The Game Theory of Penalty Kicks : A framework for approximating Nash equilibria
Abstract
This paper presents a game-theoretic analysis of penalty kicks in football. There must exist a
Nash equilibrium in penalty kicks, but the nature of it depends on the unique abilities of the
penalty taker and the goalkeeper. Thus, this study introduces a flexible framework that
approximates a Nash equilibrium, based on a user-inputted set of player-dependent
assumptions. The study also seeks to improve our general understanding of the characteristics
of Nash equilibria in penalty kicks. This is achieved by investigating a diverse set of playerdependent
assumptions, as well as gradually adding new elements of complexity to the models,
and observing the shifts in the equilibrium.
In the most basic model, the players make a simultaneous choice, where the penalty taker
decides where to aim, and the goalkeeper decides which area to cover. The penalty taker isn’t
able to shoot with perfect accuracy, so the hit-coordinate will likely differ from the aimcoordinate.
In later models, the penalty taker is also allowed to choose the velocity of the ball,
which in turn impacts the area coverage of the goalkeeper.
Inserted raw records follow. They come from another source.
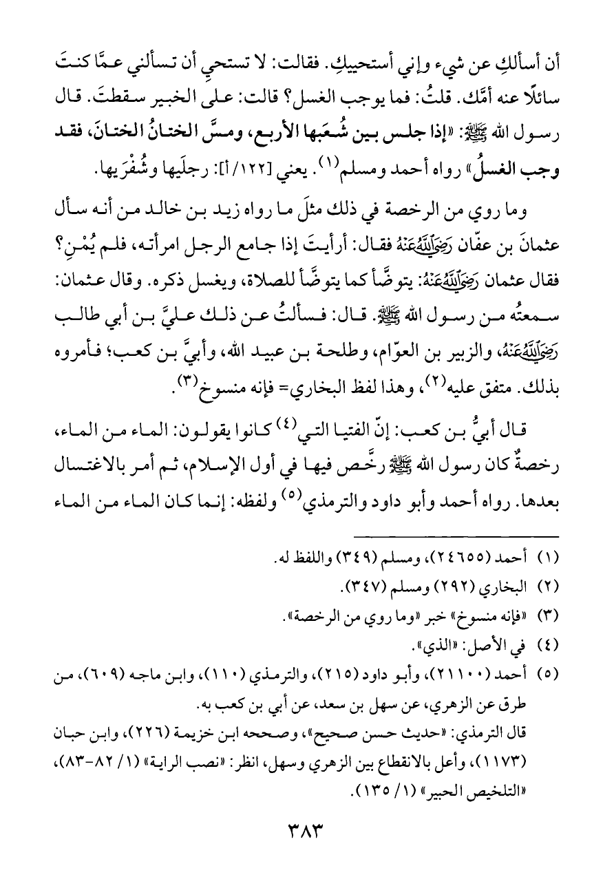 أن أسألكِ عن شيء وإني أستحييكِ. فقالت: لا تستحيِ أن تسألني عمَّا كنتَ سائلًا عنه أمَّك. قلتُ: فما يوجب الغسل؟ قالت: على الخبير سقطتَ. قال رسول الله - صلى الله عليه وسلم -: «إذا جلس بين شُعَبها الأربع، ومسَّ الختانُ الختانَ، فقد وجب الغسلُ» رواه أحمد ومسلم (¬١). يعني [١٢٢/أ]: رجلَيها وشُفْرَيها.
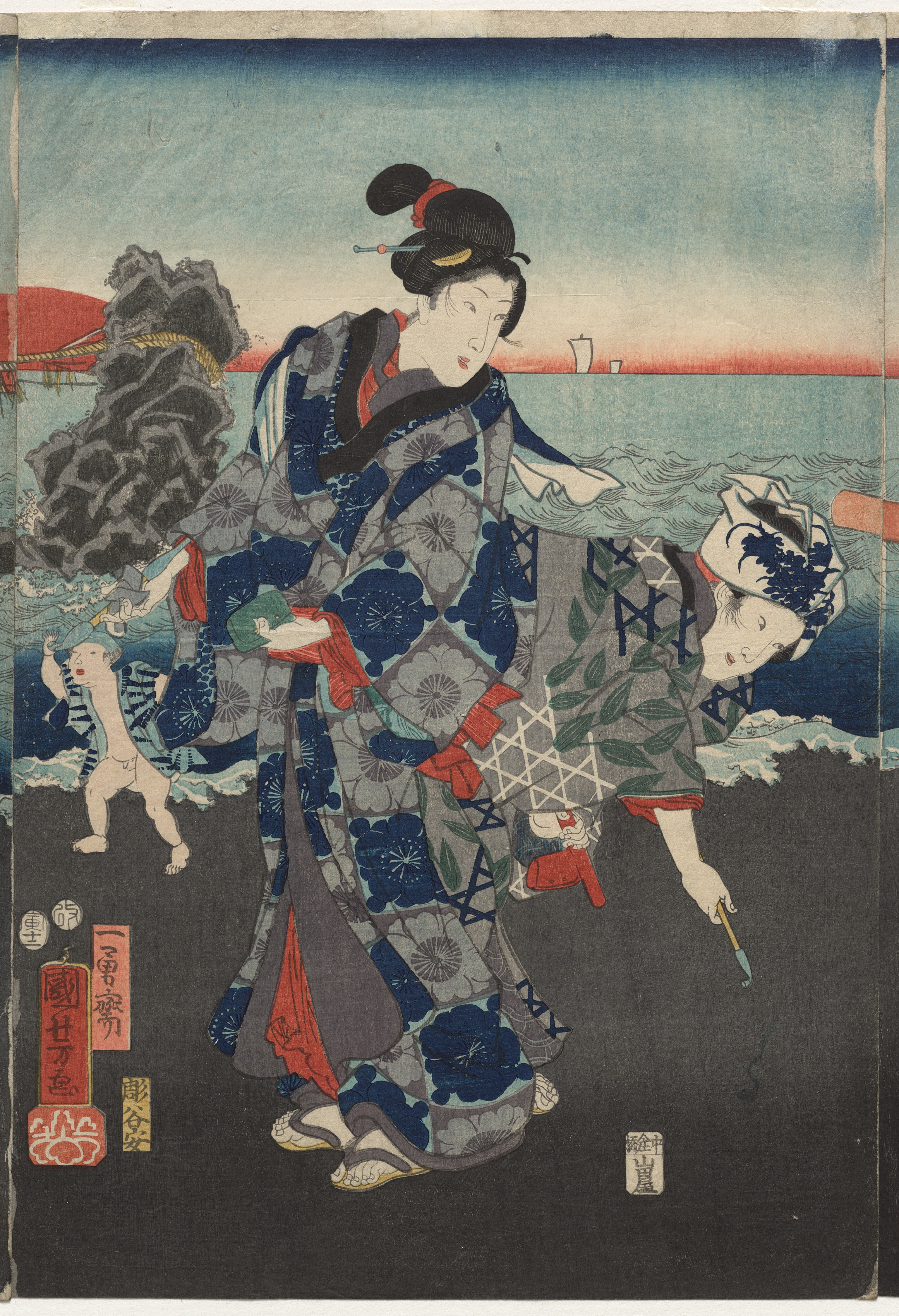Colorful woodblock print with two women in traditional Japanese kimonos on a beach. The woman on the left wears a kimono with a blue background and a large gray floral pattern. Her kimono has red accents and she wears a black obi. The woman on the right wears a kimono with a green leaf pattern and a red under kimono. The woman on the left has black hair with a red and gold pin and her hair tied up in a bun on top of her head. The woman on the right has a headdress on her head. The background shows a body of water with small waves and a small white dog. In the distance, there are mountains on the left and buildings on the right. The sky is blue and fades to red near the horizon. There are several Japanese characters written on the bottom left. The print has a worn and aged appearance with frayed edges.
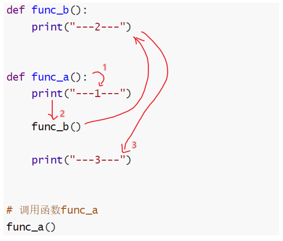 如果函数 A 中,调用了另外一个函数 B,那么先把函数 B 中的任务都执行完毕之后才会回到上次函数 A 执行的位置,继续执行函数 A 的剩余内容。
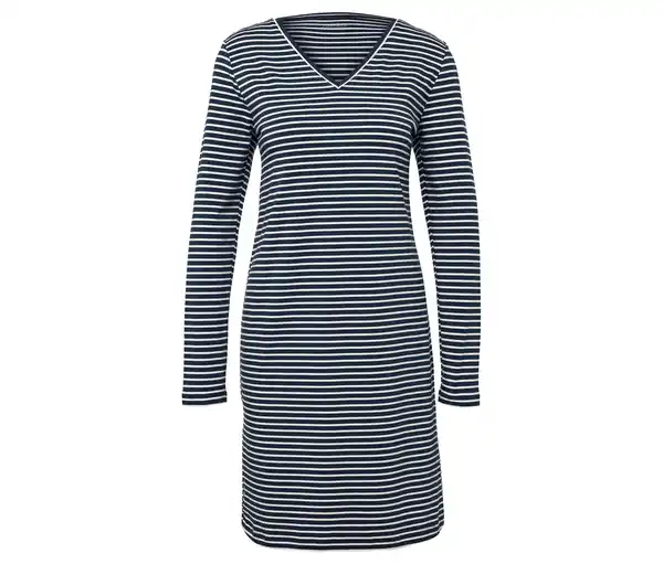 Nachthemd Farbe: Dunkelblau-weiß gestreift Material: 58% Baumwolle (Unterstützt die Initiative Cotton made in Africa), 39% Viskose, 3% Elasthan Maße: Gesamtlänge ca. 94 cm (Gr. M 40/42) Weiches Material aus Baumwolle und ViskoseMit V-AusschnittMit hochwertigem Markenelasthan für Langlebigkeit und hohe Waschbeständigkeit
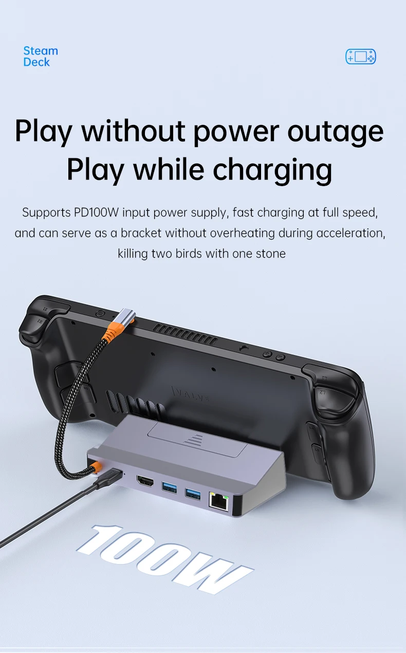 【Velocidad de carga completa para Steam Deck】 La estación de acoplamiento Steam Deck admite una entrega de potencia máxima de 100 W, lo cual es suficiente para cargar su Steam Deck a máxima velocidad cuando se combina con el cargador original.[Nota: La velocidad máxima de carga de la plataforma de vapor es de 45w]
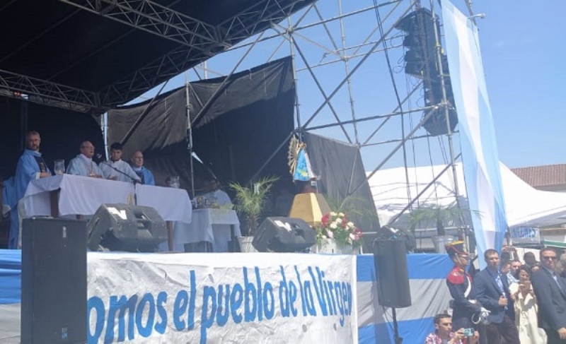 Monseñor Scheinig agradeció la presencia de Macri y Fernández e invitó a los presentes a vivar a la Virgen, en el día que comienza el Año Mariano Nacional por los 400 años de la aparición de una imagen de la Virgen en Catamarca.

In the final model, an element of
sequential choice is added, such that the penalty taker may pretend to shoot, and observe if the
goalkeeper starts to move.
The Counterfactual Regret Minimization algorithm is employed to locate the Nash equilibrium,
while an enhanced Coordinate Search algorithm is developed for determining the optimal aimcoordinates
for the penalty taker. The most complex and realistic model indicates that the
penalty taker should abstain from aiming at the middle region of the goal, and rather either
pretend to shoot, or shoot at one of the sides. This is because the goalkeeper needs to stay in
the middle fairly often, to avoid revealing their intention in the case where the penalty taker
pretends to shoot. It’s also viable for the goalkeeper to commit to diving to either side without
waiting to observe the trajectory of the ball.